American journalist and author

Alice Feiring is an American journalist and author, for several years a wine and travel columnist for Time magazine, and known as an advocate for "natural wine".

In addition to contributions to publications such as The New York Times, New York Magazine, San Francisco Chronicle, LA Times, Condé Nast Traveler and Forbes Traveler, her blog "The Feiring Line" (formerly: "Veritas in Vino") is considered one of the best in its specific category, and her voice described by Mike Steinberger as part of a new wave of "real flowering of high-quality wine journalism". In 2011, Feiring was selected as "Online Communicator of the Year" by the Louis Roederer International Wine Writer Awards. On Sept. 30, 2020, Feiring was named a Knight of the French Order of Agricultural Merit.

Her first book, published in May 2008, The Battle for Wine and Love: Or How I Saved the World from Parkerization, described as "an opinionated look at the fight to preserve authenticity and diversity in wine", due to its perceived "declaration of war" against critic Robert Parker found some controversy well before its date of release. Reviewing the book, Eric Asimov later wrote, "Ms. Feiring is an uncompromising judge of wine and people who can no more stomach a lover’s preference for a wine she abhors than she can the presence of a microwave in her kitchen." Feiring's critical statements against California wine as "overblown, over-alcoholed, over-oaked, overpriced and over-manipulated" have also sparked controversy.
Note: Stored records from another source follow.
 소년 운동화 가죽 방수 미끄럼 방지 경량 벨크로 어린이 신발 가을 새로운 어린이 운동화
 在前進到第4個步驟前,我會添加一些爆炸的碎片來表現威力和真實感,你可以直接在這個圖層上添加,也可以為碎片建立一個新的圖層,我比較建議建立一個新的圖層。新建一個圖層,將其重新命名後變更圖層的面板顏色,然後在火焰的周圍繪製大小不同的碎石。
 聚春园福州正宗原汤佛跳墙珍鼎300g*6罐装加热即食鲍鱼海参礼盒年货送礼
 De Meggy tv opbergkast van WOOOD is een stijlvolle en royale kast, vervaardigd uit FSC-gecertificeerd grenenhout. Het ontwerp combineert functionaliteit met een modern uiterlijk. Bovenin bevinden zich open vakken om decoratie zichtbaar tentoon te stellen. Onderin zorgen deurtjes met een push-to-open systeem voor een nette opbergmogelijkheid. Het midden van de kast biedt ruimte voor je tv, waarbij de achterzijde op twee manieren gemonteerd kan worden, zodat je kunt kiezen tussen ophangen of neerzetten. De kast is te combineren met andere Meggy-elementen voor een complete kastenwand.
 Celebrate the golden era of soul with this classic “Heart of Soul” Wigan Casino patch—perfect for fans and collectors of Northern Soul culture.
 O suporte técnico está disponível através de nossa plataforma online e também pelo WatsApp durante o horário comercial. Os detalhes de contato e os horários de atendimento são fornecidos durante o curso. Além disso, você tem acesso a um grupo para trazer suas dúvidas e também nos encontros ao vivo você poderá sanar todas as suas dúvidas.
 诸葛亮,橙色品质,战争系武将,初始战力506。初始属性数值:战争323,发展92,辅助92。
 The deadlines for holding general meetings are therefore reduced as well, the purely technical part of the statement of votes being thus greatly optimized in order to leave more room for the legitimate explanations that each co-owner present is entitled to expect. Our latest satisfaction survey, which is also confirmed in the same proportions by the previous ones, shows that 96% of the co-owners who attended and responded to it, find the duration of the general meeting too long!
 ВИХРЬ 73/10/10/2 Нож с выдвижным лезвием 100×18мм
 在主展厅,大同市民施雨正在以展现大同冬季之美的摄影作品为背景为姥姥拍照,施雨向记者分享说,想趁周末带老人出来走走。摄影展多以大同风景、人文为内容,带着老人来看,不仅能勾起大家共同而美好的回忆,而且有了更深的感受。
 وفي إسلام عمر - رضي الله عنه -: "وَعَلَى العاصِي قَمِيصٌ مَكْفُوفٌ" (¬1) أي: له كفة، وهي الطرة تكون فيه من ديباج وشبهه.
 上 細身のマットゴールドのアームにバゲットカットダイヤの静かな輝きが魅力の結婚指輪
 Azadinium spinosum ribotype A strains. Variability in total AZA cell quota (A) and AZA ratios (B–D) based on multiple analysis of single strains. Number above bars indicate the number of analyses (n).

In 2011, Feiring published Naked Wine: Letting Grapes Do What Comes Naturally. Her 2016 book For the Love of Wine: My Odyssey Through the World's Most Ancient Wine Culture, explores the wine of Georgia. In 2017, Feiring published The Dirty Guide to Wine: Following Flavor from Ground to Glass. She also wrote Natural Wine For The People: What It Is, Where to Find It, How to Love It released in August 2019. Her most recent book is "To Fall In Love, Drink This: A Wine Writer's Memoir" (2022, Simon and Schuster).